Friday electromobility news & updates

November 6, 2015 § Leave a comment

fraunhofer HEMS solar chargingA home energy management system with Android app created by researchers at the Frauenhofer Institutes is to help integrate EV-charging with domestic solar panels, and feeding surplus solar power back to the grid. The HEMS has been fitted in upgrades of ‘Passiv Haus’ properties in Fellbach, Baden-Württemberg, as part of the German federal Electric Mobility Showcase programme and Fellbach ZeroPlus project. Five of the seven houses feature a 22W fast-charger with embedded software, collecting data from the houses’ electricity meters and displaying information about the power flows and consumption as the solar energy is fed to the car, heat pump and other household needs. The HEMS also forecasts solar intensity and anticipates household power loads and demands, with the ‘leftover’ power sent to the vehicle for storage in its battery before any further surplus is then sent to the grid; the app allows owners to control the fast-charger and monitor the car’s charge levels and charging times. It is the result of two years’ field-testing and feedback from the homeowners. More here. Incidentally, two of the five households in the project are involved in a car-sharing project as well.

  • Meanwhile, Daimler is partnering with The Mobility House AG, GETEC (energy provider) and Remondis (recycling and services) on a project in Lünen, Westphalia. This involves a second-life battery energy storage unit – claimed to be the world’s largest at 13MW –  which will be connected to the grid for balancing and buffering/levelling out peaks and troughs in demand and better-enable the feed-in of renewable energy. The batteries used have come from the smart electric drive.

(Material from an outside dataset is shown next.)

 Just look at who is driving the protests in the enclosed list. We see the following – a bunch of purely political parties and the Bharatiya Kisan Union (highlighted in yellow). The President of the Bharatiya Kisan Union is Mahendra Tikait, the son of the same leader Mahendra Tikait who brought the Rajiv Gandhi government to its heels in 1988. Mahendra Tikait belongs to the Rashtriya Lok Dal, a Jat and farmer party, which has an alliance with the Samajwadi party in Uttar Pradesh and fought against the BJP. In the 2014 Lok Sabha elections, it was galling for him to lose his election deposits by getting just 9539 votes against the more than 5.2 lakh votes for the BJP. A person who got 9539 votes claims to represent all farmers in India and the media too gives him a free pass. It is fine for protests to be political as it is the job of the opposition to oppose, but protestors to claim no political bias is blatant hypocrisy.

More here.
  • And good news for standardisation of EV-grid communications: the EC’s Joint Research Centre has opened a lab with a partner facility at the US Department of Energy’s Argonne National Laboratory (Chicago), with a view to transatlantic harmonisation. More here. Now they just need to bring the Japanese/other Far Eastern countries on board as well…

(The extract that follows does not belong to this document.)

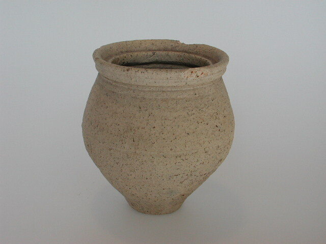 - BeschrijvingKookpot of urntje, langgerekt met zeer ingewikkeld randprofiel. Grootste omvang op het midden van de buik. Iets boven dat midden lopen twee groeven. De pot is vervaardigd van wit-gele klei en is ruwwandig. Binnenkant van de rand heeft een dekselgeul.

  • NEXT (‘The Future of Transportation’ has released a ‘v3.0’ video: this shows a swarm of self-driving, on-demand ‘pods’ which can drive on standard roads, join up and detach as required, complete with dynamic ‘service modules’ – loos, bars, restaurants – and smart-routing. Its latest vision describes a transport ecosystem in which these can serve for private, corporate or public transport.
  • And in the here-and-now, Bombardier Transportation has just done a catenary-free 41.6km test run (in Mannheim, Germany) of a electric tram, featuring its Primove battery system with supercapacitors. More here. This allows for free-running of e-trams without cables, in between flash-charging at stops or via pantograph.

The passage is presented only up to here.